The records below must be reproduced exactly. Strip out the pictures.

**Supplied information:**
——

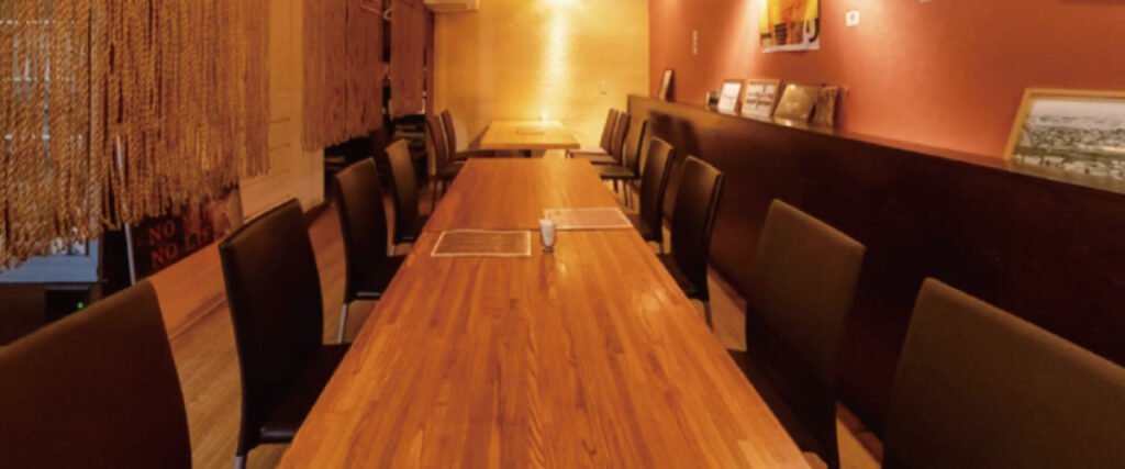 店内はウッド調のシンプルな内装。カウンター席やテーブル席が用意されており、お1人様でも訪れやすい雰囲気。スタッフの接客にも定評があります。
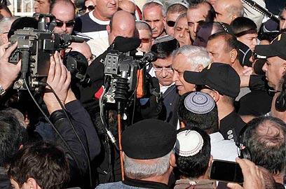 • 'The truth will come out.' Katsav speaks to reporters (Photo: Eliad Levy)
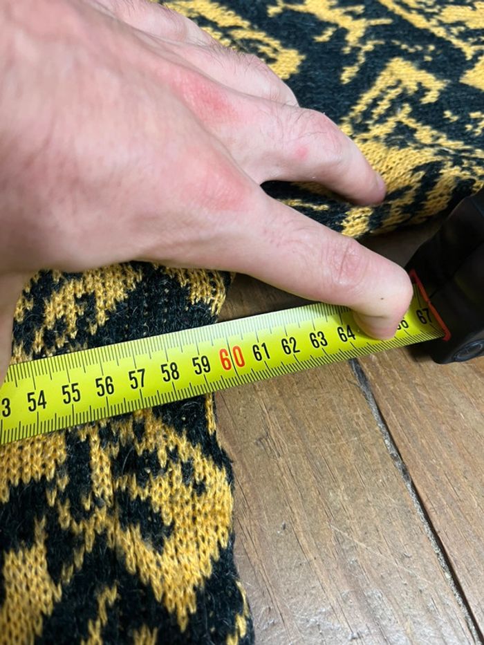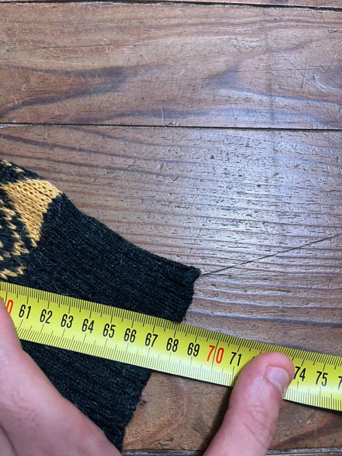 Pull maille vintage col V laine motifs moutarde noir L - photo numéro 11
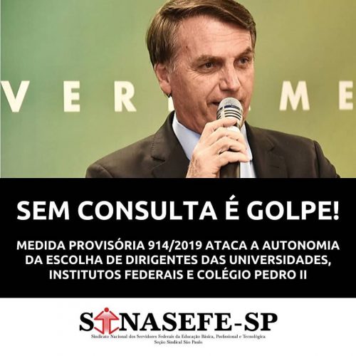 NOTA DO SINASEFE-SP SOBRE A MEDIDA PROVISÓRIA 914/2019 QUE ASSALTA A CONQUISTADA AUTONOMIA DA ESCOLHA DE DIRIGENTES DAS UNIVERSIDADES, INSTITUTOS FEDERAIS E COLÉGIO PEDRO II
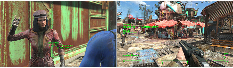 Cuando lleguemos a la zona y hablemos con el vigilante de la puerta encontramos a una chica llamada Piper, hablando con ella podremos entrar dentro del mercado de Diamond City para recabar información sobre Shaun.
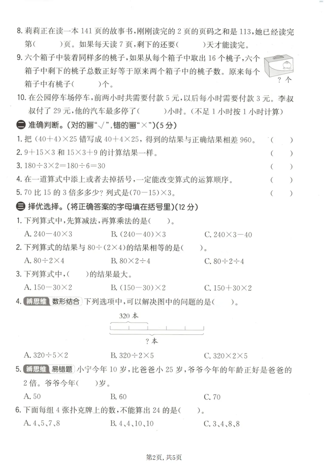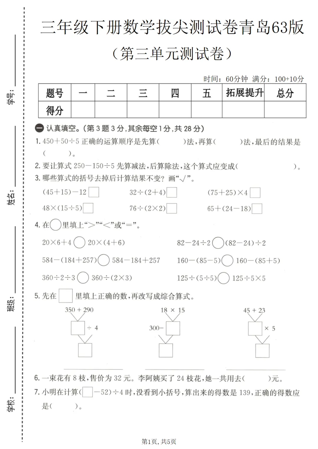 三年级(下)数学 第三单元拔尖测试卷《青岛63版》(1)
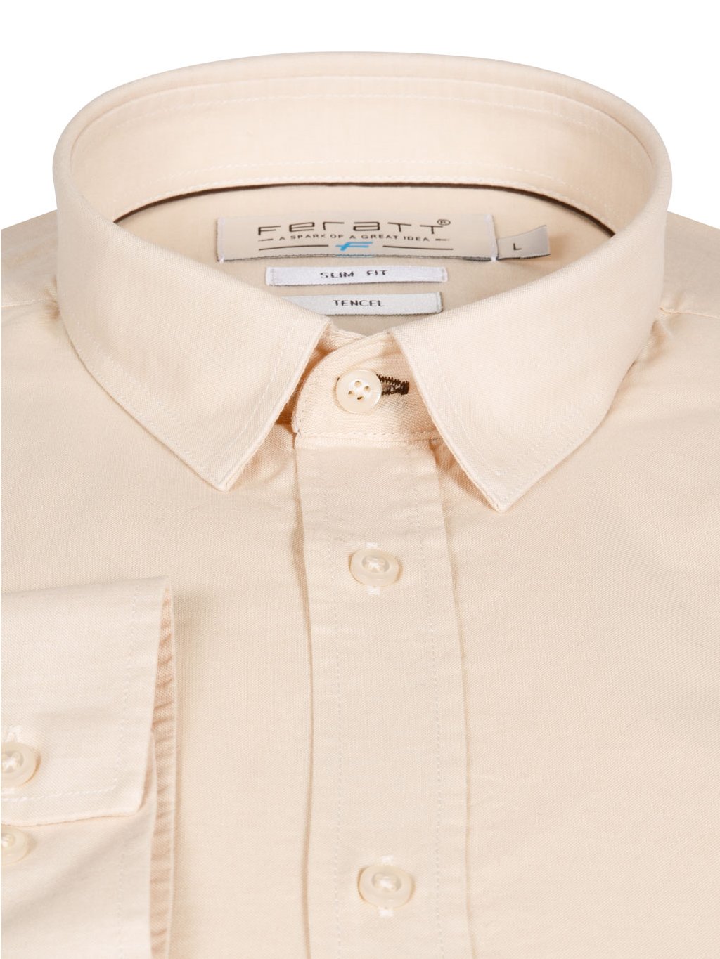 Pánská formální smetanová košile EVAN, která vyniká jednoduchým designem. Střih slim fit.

——

**Task result:**
 店内はウッド調のシンプルな内装。カウンター席やテーブル席が用意されており、お1人様でも訪れやすい雰囲気。スタッフの接客にも定評があります。
 • 'The truth will come out.' Katsav speaks to reporters (Photo: Eliad Levy)
 Pull maille vintage col V laine motifs moutarde noir L - photo numéro 11
 NOTA DO SINASEFE-SP SOBRE A MEDIDA PROVISÓRIA 914/2019 QUE ASSALTA A CONQUISTADA AUTONOMIA DA ESCOLHA DE DIRIGENTES DAS UNIVERSIDADES, INSTITUTOS FEDERAIS E COLÉGIO PEDRO II
 Cuando lleguemos a la zona y hablemos con el vigilante de la puerta encontramos a una chica llamada Piper, hablando con ella podremos entrar dentro del mercado de Diamond City para recabar información sobre Shaun.
 三年级(下)数学 第三单元拔尖测试卷《青岛63版》(1)
 Pánská formální smetanová košile EVAN, která vyniká jednoduchým designem. Střih slim fit.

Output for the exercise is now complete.